Senior Honors Projects, 2010-2019

Creative Commons License

Creative Commons License
This work is licensed under a Creative Commons Attribution-Noncommercial-No Derivative Works 4.0 License.

Date of Graduation

Summer 2016

Document Type

Thesis

Degree Name

Bachelor of Science (BS)

Department

Department of Biology

Advisor(s)

Corey Cleland

Elizabeth Doyle

Kristopher E. Kubow

Abstract

In order to prevent injury or capture by a predator, animals have evolved escape behavior. Despite offering a more realistic, multimodal, approximation of an approaching predator, looming stimuli have rarely been used to evoke escape behavior in crickets. Wind stimuli, however, have been used on a variety of insects, including crickets where it has been found that direction of escape is directly correlated to the angle of incoming wind stimuli.
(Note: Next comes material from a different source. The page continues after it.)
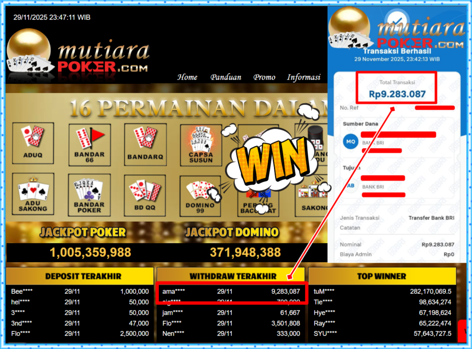 Bukti Withdraw ( 9,283,087,- ) Member Setia MutiaraPoker

Wind stimuli are detected by sensilla trichodea, small filiform hairs covering the cerci of crickets, locusts and cockroaches. Despite having other complex sensory systems, such as antennae and vision, little is known concerning utilization of these systems in evoking escape behavior. In this two part study, a looming stimulus was used to determine if angle of approach affects angle of escape in the cricket, Acheta domesticus. Subsequently, ablation experiments were used to determine which sensory modalities, vision, antennae and cerci, are necessary or sufficient for evoking an escape response. To the looming stimulus, the angle of escape was directly correlated to angle of stimulus approach, with crickets escaping directly away from the stimuli (r2= 0.87; p<0.001). When escape response frequency was analyzed based on angle of approach, vision was necessary and sufficient to evoke an escape response at anterior angles only (p<0.0005). At posterior and midline angles, cerci were necessary and sufficient to elicit escape response and angle of escape was directly correlated to angle of stimulus approach (p<0.0005).